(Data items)
---*---

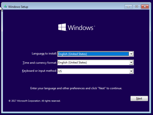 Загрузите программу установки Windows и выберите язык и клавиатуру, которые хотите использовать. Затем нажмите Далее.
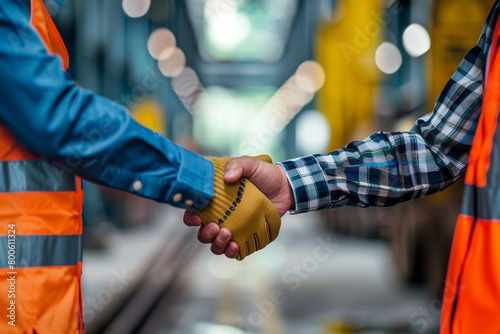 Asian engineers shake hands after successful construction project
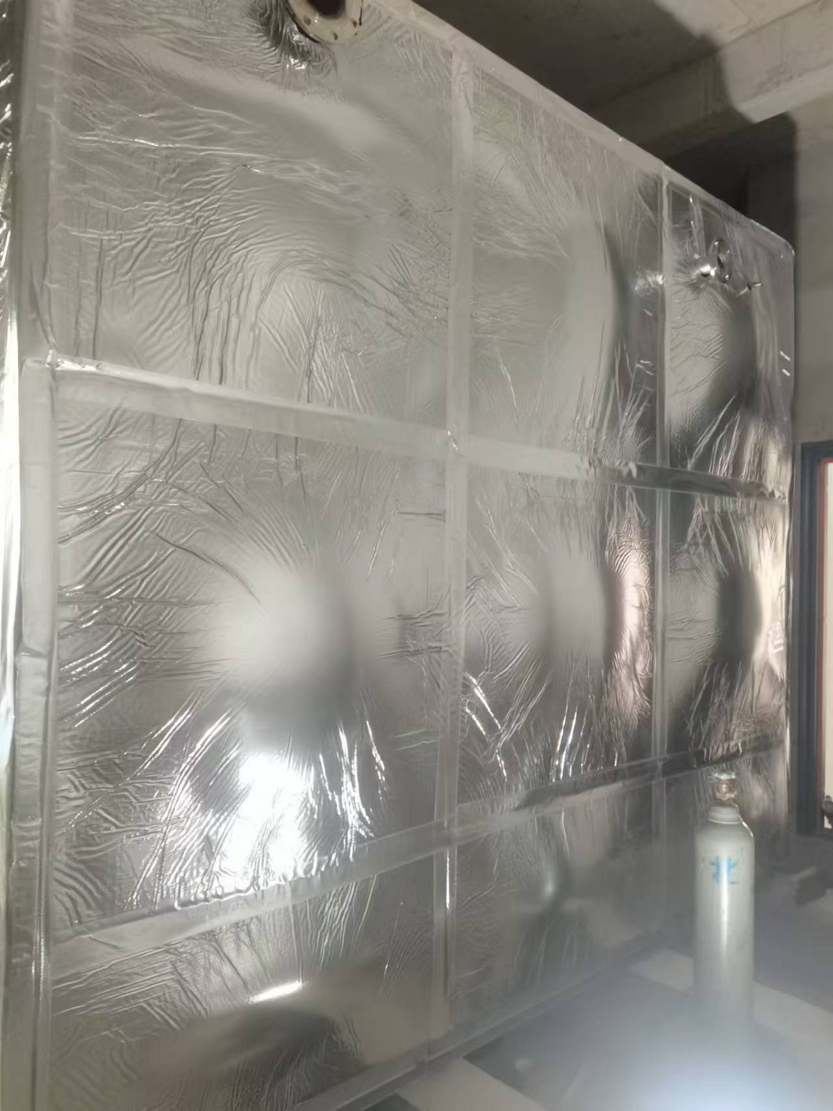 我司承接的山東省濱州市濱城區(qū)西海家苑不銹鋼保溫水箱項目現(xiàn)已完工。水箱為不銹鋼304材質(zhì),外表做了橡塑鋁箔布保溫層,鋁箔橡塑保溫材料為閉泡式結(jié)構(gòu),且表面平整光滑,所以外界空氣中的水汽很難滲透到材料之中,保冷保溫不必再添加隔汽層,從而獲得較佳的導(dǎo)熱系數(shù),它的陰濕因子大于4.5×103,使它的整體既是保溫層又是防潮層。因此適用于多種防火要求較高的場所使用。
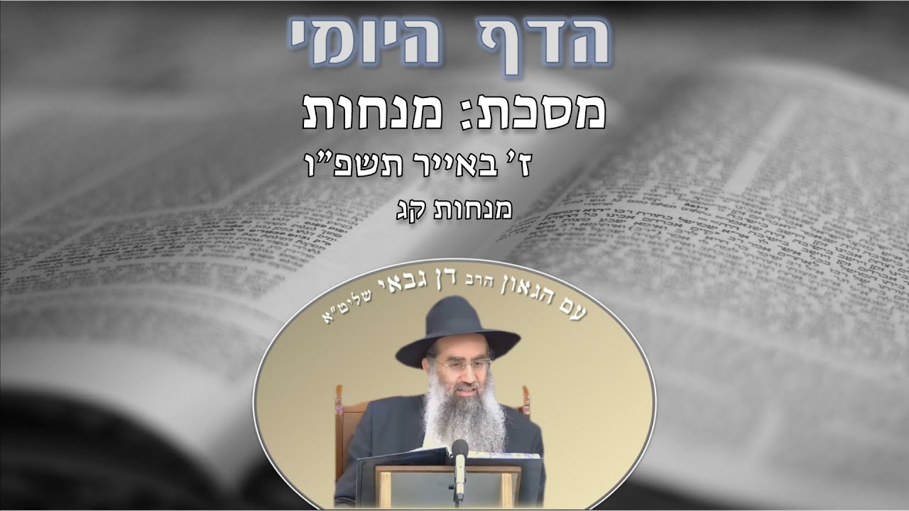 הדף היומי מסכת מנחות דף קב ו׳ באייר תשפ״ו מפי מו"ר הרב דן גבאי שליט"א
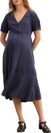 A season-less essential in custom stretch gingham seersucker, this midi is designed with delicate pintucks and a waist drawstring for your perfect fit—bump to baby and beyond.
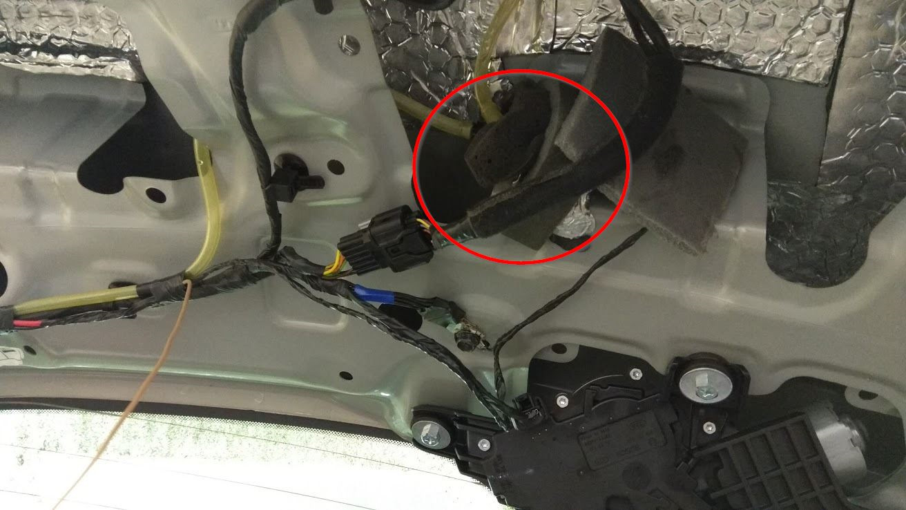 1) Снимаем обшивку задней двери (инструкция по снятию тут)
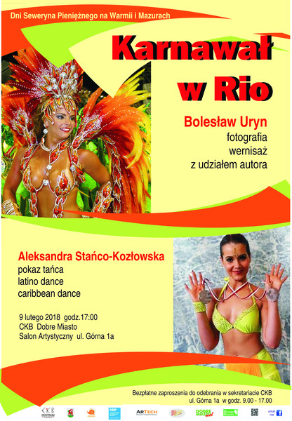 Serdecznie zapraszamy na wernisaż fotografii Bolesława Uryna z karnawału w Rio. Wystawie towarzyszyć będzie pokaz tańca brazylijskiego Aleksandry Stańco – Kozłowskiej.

---*---

Leave out the pictures and return the rest of the records exactly.

Finished task.
 Загрузите программу установки Windows и выберите язык и клавиатуру, которые хотите использовать. Затем нажмите Далее.
 Asian engineers shake hands after successful construction project
 我司承接的山東省濱州市濱城區(qū)西海家苑不銹鋼保溫水箱項目現(xiàn)已完工。水箱為不銹鋼304材質(zhì),外表做了橡塑鋁箔布保溫層,鋁箔橡塑保溫材料為閉泡式結(jié)構(gòu),且表面平整光滑,所以外界空氣中的水汽很難滲透到材料之中,保冷保溫不必再添加隔汽層,從而獲得較佳的導(dǎo)熱系數(shù),它的陰濕因子大于4.5×103,使它的整體既是保溫層又是防潮層。因此適用于多種防火要求較高的場所使用。
 הדף היומי מסכת מנחות דף קב ו׳ באייר תשפ״ו מפי מו"ר הרב דן גבאי שליט"א
 A season-less essential in custom stretch gingham seersucker, this midi is designed with delicate pintucks and a waist drawstring for your perfect fit—bump to baby and beyond.
 1) Снимаем обшивку задней двери (инструкция по снятию тут)
 Serdecznie zapraszamy na wernisaż fotografii Bolesława Uryna z karnawału w Rio. Wystawie towarzyszyć będzie pokaz tańca brazylijskiego Aleksandry Stańco – Kozłowskiej.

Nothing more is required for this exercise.